The pictures in the listing below are to be skipped, while the lines between the line holding "The fabrication of" and the line holding "From 2004 to", inclusive, are to be output exactly.

---- RECORDS SHOWN

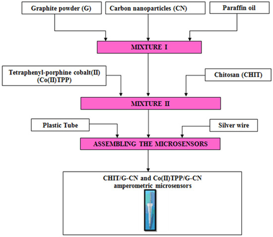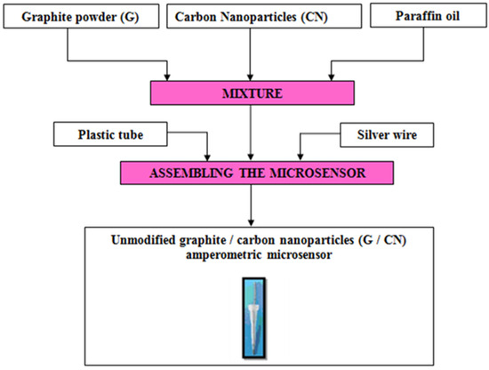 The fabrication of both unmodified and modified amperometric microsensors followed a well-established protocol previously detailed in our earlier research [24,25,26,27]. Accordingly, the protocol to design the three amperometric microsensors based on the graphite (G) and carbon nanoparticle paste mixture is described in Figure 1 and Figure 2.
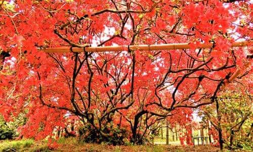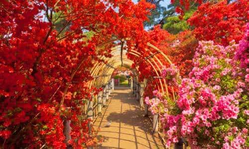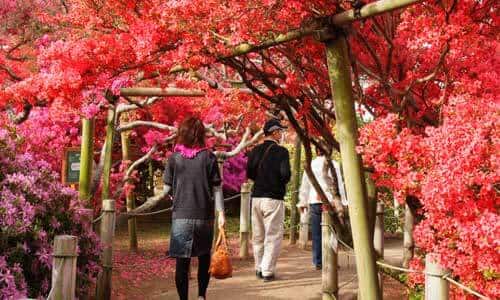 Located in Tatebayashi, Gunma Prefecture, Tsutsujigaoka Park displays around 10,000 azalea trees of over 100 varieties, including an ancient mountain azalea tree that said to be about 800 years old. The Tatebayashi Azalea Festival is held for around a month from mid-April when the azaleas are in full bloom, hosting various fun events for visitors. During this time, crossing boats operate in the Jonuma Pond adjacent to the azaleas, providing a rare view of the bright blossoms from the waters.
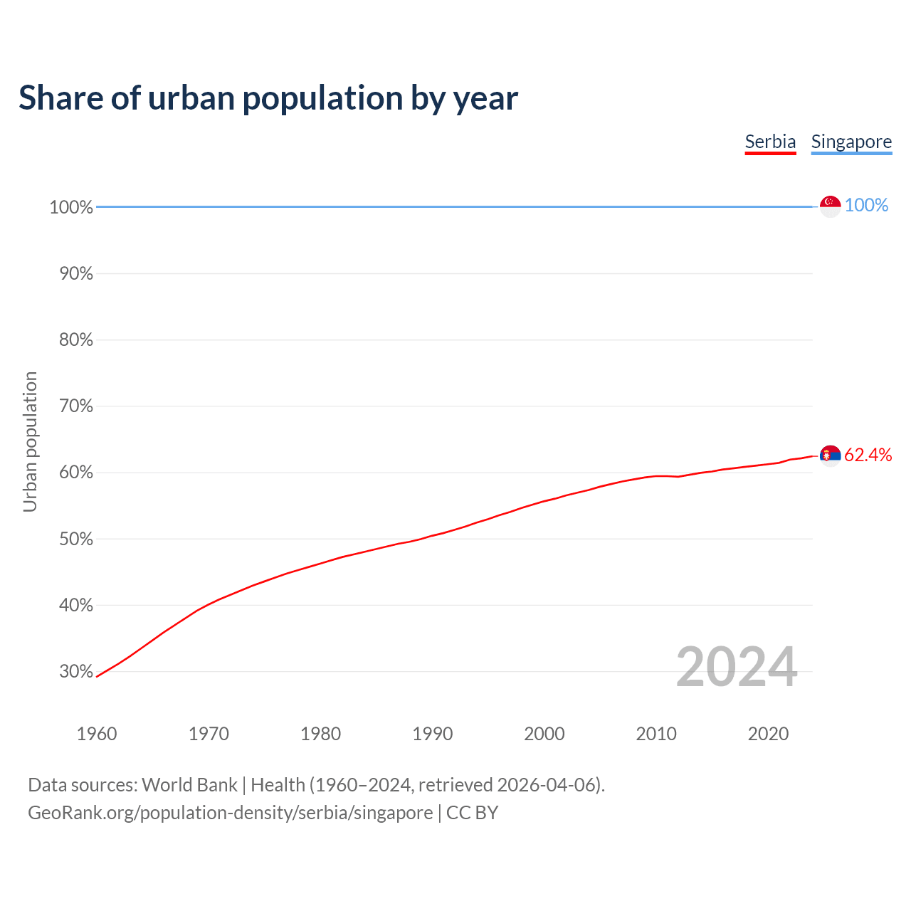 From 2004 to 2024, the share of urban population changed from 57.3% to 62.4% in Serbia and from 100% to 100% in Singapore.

--------
---- RECORDS SHOWN

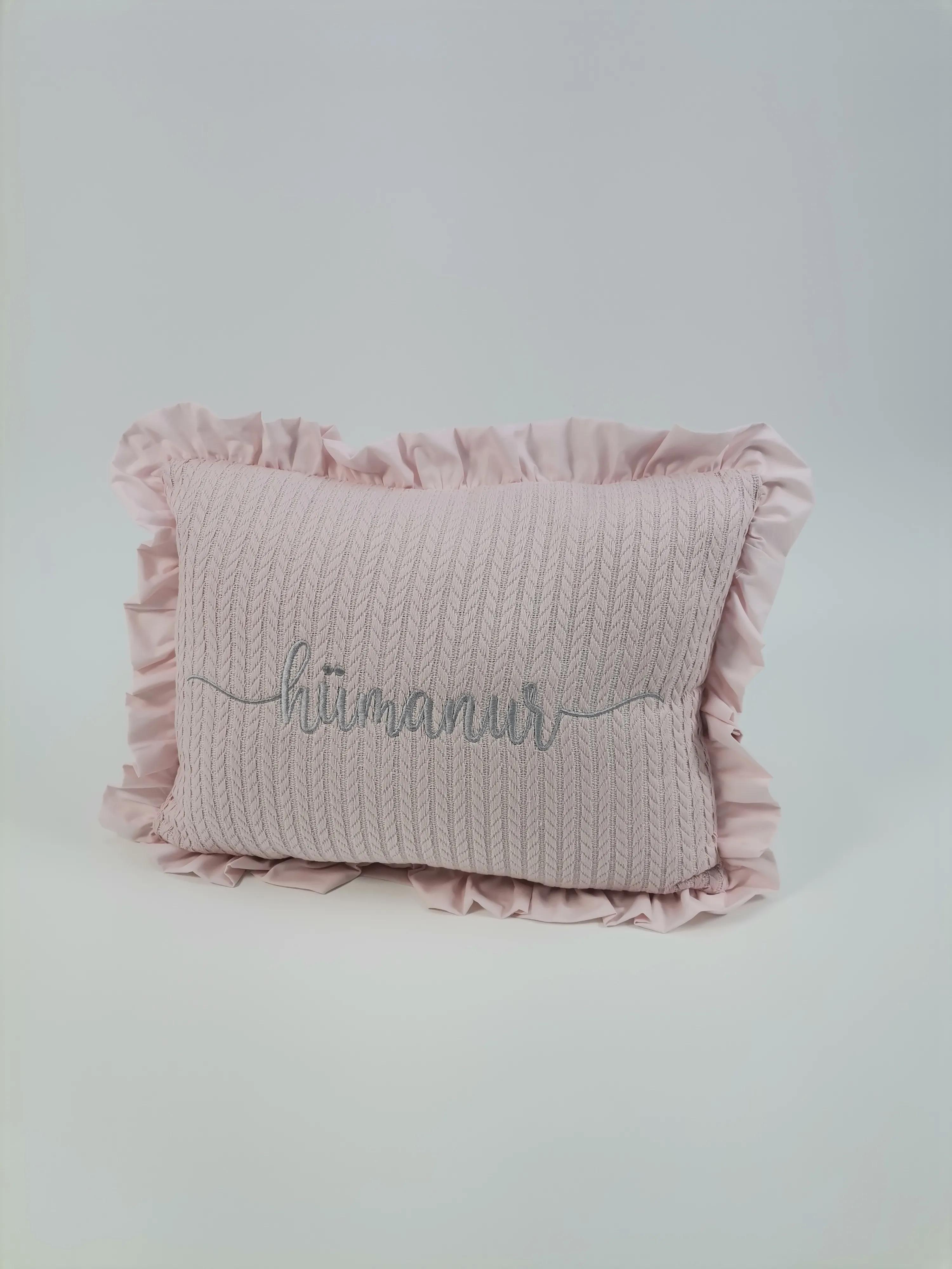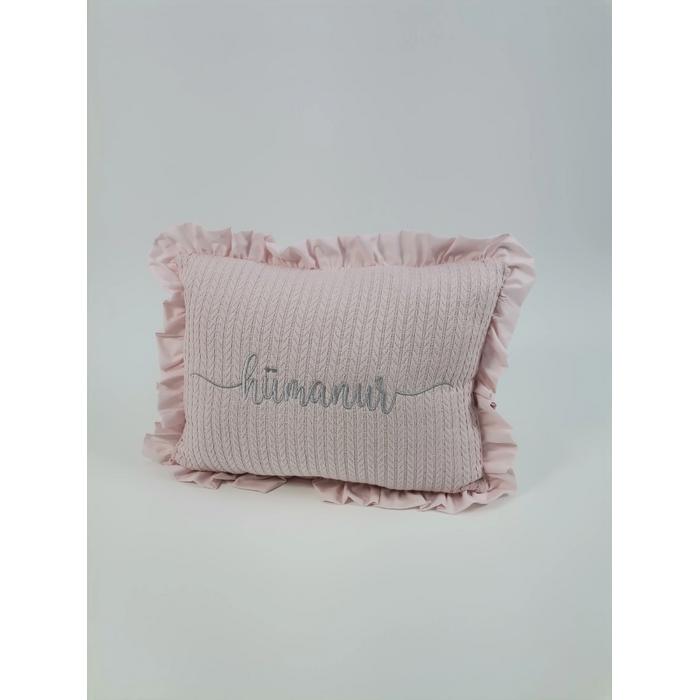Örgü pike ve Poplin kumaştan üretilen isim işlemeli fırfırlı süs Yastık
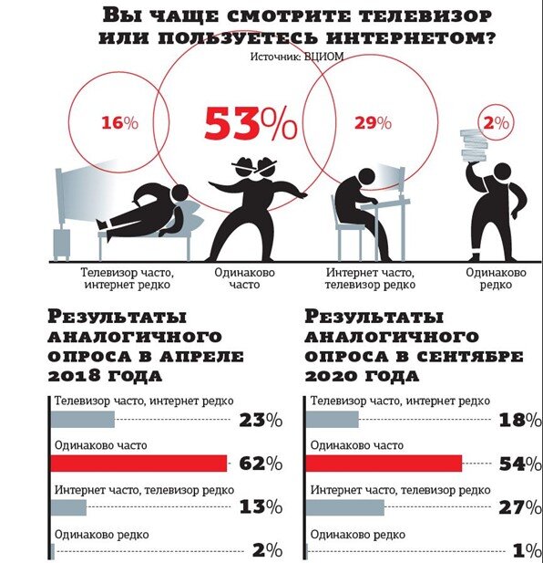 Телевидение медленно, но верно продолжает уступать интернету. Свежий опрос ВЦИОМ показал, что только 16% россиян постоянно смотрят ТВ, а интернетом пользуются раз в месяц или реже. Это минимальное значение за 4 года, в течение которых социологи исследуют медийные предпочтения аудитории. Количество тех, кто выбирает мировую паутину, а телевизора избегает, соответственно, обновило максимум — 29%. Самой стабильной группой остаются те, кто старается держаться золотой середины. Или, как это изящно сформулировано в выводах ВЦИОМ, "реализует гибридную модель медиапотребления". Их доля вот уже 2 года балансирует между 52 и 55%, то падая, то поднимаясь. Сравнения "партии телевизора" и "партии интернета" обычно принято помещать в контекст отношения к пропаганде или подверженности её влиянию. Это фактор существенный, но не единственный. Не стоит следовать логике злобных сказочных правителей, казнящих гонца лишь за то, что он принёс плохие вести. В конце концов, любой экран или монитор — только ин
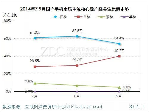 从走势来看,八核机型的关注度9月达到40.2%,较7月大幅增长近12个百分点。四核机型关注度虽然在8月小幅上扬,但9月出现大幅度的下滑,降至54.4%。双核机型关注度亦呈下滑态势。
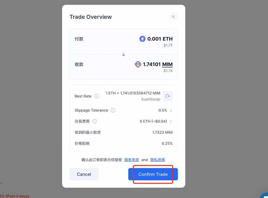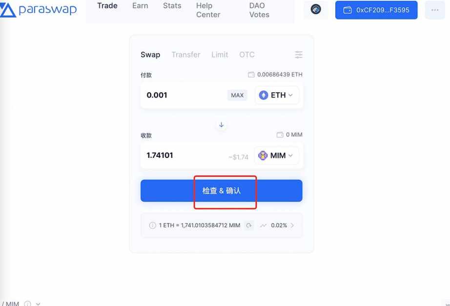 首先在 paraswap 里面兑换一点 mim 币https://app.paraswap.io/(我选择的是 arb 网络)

--------

WRITTEN SOLUTION
 The fabrication of both unmodified and modified amperometric microsensors followed a well-established protocol previously detailed in our earlier research [24,25,26,27]. Accordingly, the protocol to design the three amperometric microsensors based on the graphite (G) and carbon nanoparticle paste mixture is described in Figure 1 and Figure 2.
 Located in Tatebayashi, Gunma Prefecture, Tsutsujigaoka Park displays around 10,000 azalea trees of over 100 varieties, including an ancient mountain azalea tree that said to be about 800 years old. The Tatebayashi Azalea Festival is held for around a month from mid-April when the azaleas are in full bloom, hosting various fun events for visitors. During this time, crossing boats operate in the Jonuma Pond adjacent to the azaleas, providing a rare view of the bright blossoms from the waters.
 From 2004 to 2024, the share of urban population changed from 57.3% to 62.4% in Serbia and from 100% to 100% in Singapore.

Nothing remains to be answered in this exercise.